Below, we give a sample `RandomAnnotator`, which randomly decides whether a given response is safe by hazard category.

In [None]:
import random

from pydantic import BaseModel

from modelgauge.annotator import CompletionAnnotator
from modelgauge.annotator_registry import ANNOTATORS
from modelgauge.safety_model_response import SafetyModelResponse
from modelgauge.single_turn_prompt_response import TestItem
from modelgauge.sut import SUTResponse
from modelgauge.tests.safe_v1 import BaseSafeTestVersion1

class AnnotationRequest(BaseModel):
    test_item: TestItem
    response: SUTResponse


class RandomAnnotator(CompletionAnnotator[SafetyModelResponse]):
    """Simple random implementation for demonstration. Uses SafetyModelResponse
    for consistency with AILuminate benchmarks.

    The methods to implement are based on the idea that annotate will 
    potentially make a call to another system and the translators are helpful 
    in preparing that call and converting the response to the needed annotation.
    """
    def __init__(self, uid, prob_unsafe):
        super().__init__(uid)
        self.prob_unsafe = prob_unsafe
    
    def translate_request(self, test_item: TestItem, response: SUTResponse):
        return AnnotationRequest(test_item=test_item, response=response)

    def annotate(self, annotation_request: AnnotationRequest) -> SafetyModelResponse:
        unsafe_categories = []
        for category in BaseSafeTestVersion1.hazards:
            if random.random() < self.prob_unsafe:
                unsafe_categories.append(category)
        return SafetyModelResponse(
            is_safe=not unsafe_categories,
            logprobs=random.random(),
            safety_categories=unsafe_categories,
        )

    def translate_response(self, request: AnnotationRequest, response: SafetyModelResponse) -> SafetyModelResponse:
        return response


annotator_id = "random001"
ANNOTATORS.register(RandomAnnotator, annotator_id, 0.01)

## Run the model

This step will get responses to the prompts from the given SUT. You can optionally pass arguments `prompt_uid_col` and `prompt_text_col` if your prompts dataset has different column names than the default ones.

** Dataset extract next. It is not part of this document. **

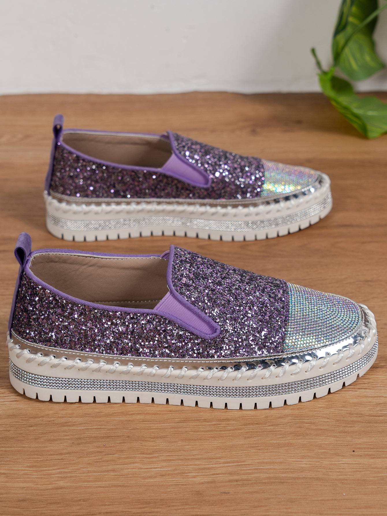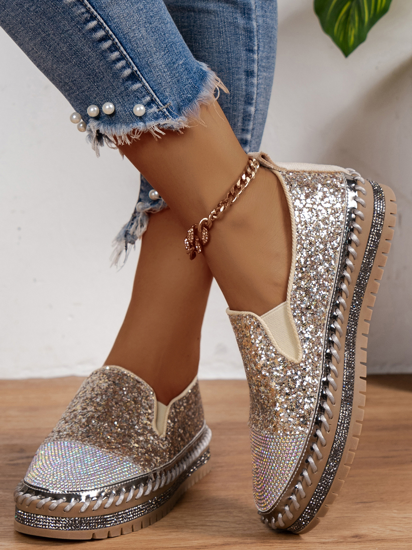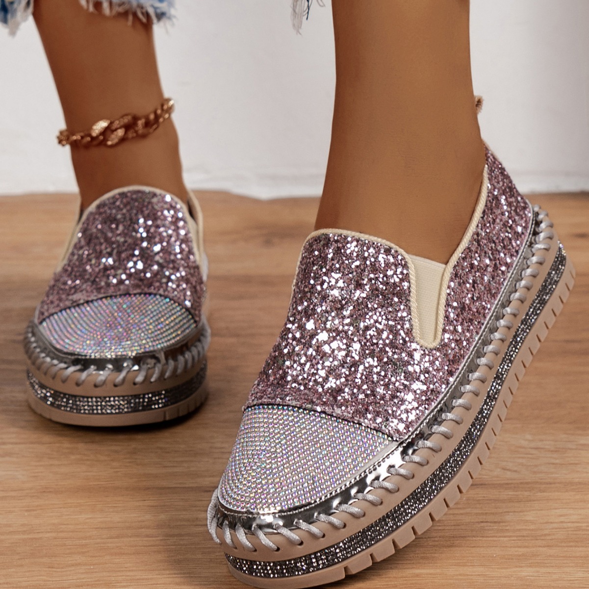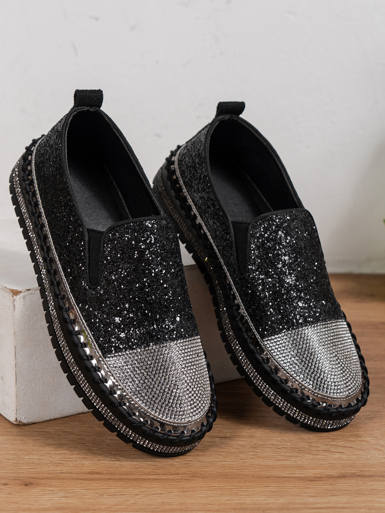 Thick Bottom Flat Loafers Rhinestone

Save this run_id to avoid having to re-run the model later. The results are saved as an artifact in mlflow.

You can see the the runs associated with the experiment you specified above at your MLFlow tracking server. There will be a link below after running. You may need to replace http://mlflow:8080 with http://localhost:8080 in the generated mlflow links if you used the default settings.

In [None]:
response_run = responder.respond(
    sut_id=sut_id,
    experiment=experiment,
    prompts=prompts,
    num_workers=num_workers,
)

## Annotate the model

This will run the evaluator on the responses from the prior step. You'll be able to see the details of the annotations in mlflow.

In [None]:
annotation_run = annotator.annotate(
    annotator_ids=[annotator_id],
    experiment=experiment,
    response_run_id=response_run.run_id,
    num_workers=num_workers,
)

## Score the model

Compute metrics against the given ground truth dataset.

In [None]:
scorer.score(
    annotation_run_id=annotation_run.run_id,
    experiment=experiment,
    ground_truth=ground_truth,
)